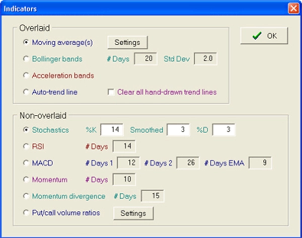 Součástí opčního software je i možnost provádět technickou analýzu přímo v OptionVue. Umožní to přípravu opčních obchodů na základě technické analýzy na „jednom místě“. Na displeji můžeme zobrazit také objem obchodů v dolarech, open interest pro puts, calls, nebo jejich poměr (puts/calls).
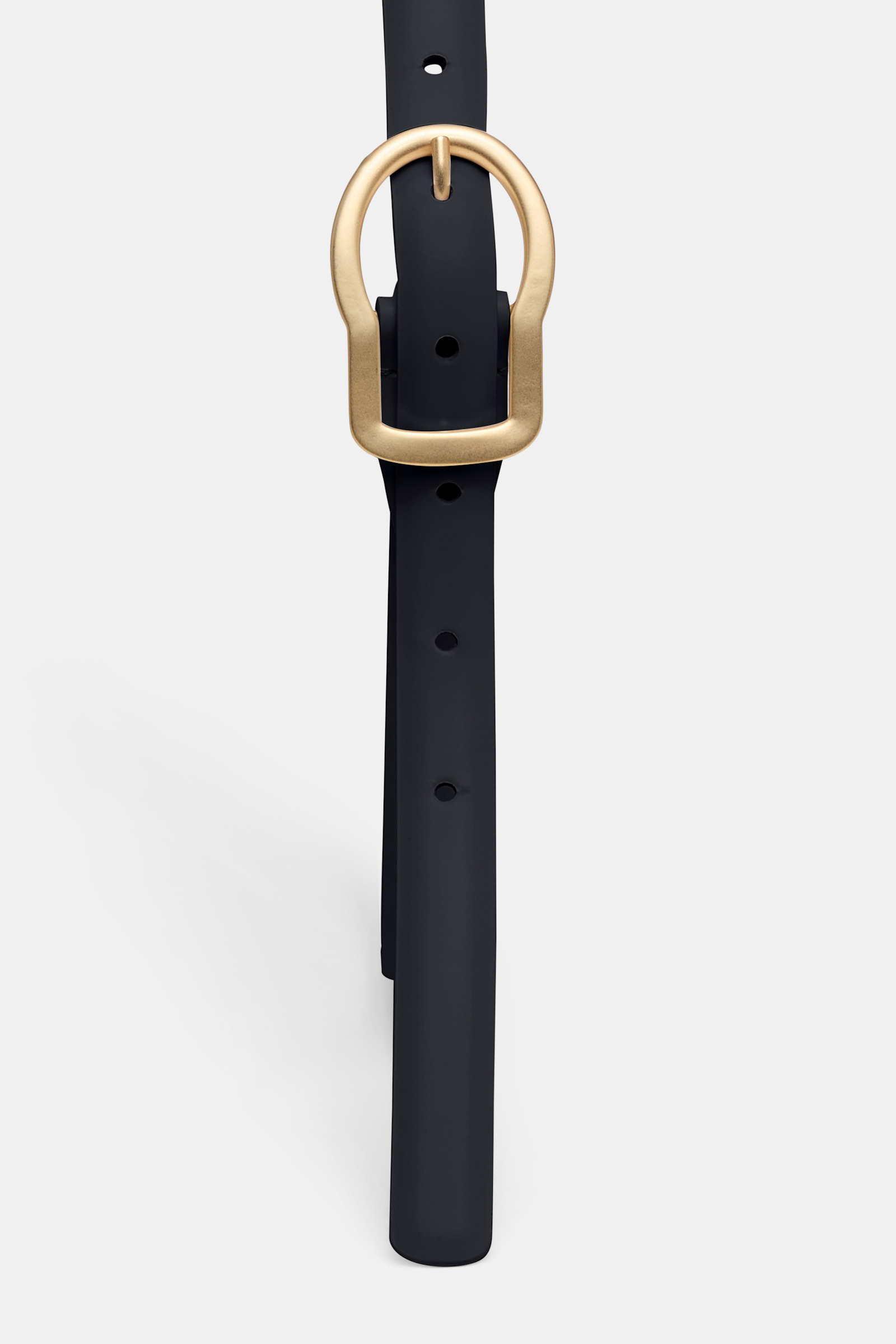 Der Gürtel ist aus softem Kalbsleder gefertigt und hat eine leicht shiny Optik. Die schmale Silhouette wird durch eine goldene Signature-Schließe ausgezeichnet.
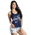 Pijama con short corto estampado y blusa con cuello redondeado. Es la combinación perfecta para estar cómoda a la hora de dormir.
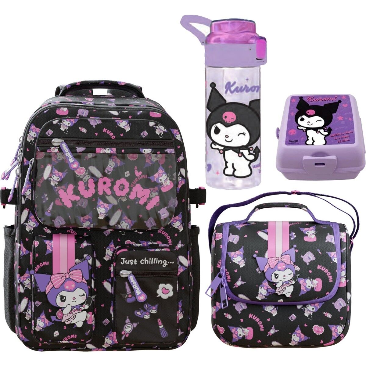 Kuromi Orijinal Lisanslı Çanta + Beslenme Çantası + Suluk + Beslenme Kutusu Set L-1
•••
Task to complete
Exactly as written, restate the lines from the one that contains "Pijama con short" through the final line of the data, both ends included, but leave out the pictures.

Response box
 Pijama con short corto estampado y blusa con cuello redondeado. Es la combinación perfecta para estar cómoda a la hora de dormir.
 Kuromi Orijinal Lisanslı Çanta + Beslenme Çantası + Suluk + Beslenme Kutusu Set L-1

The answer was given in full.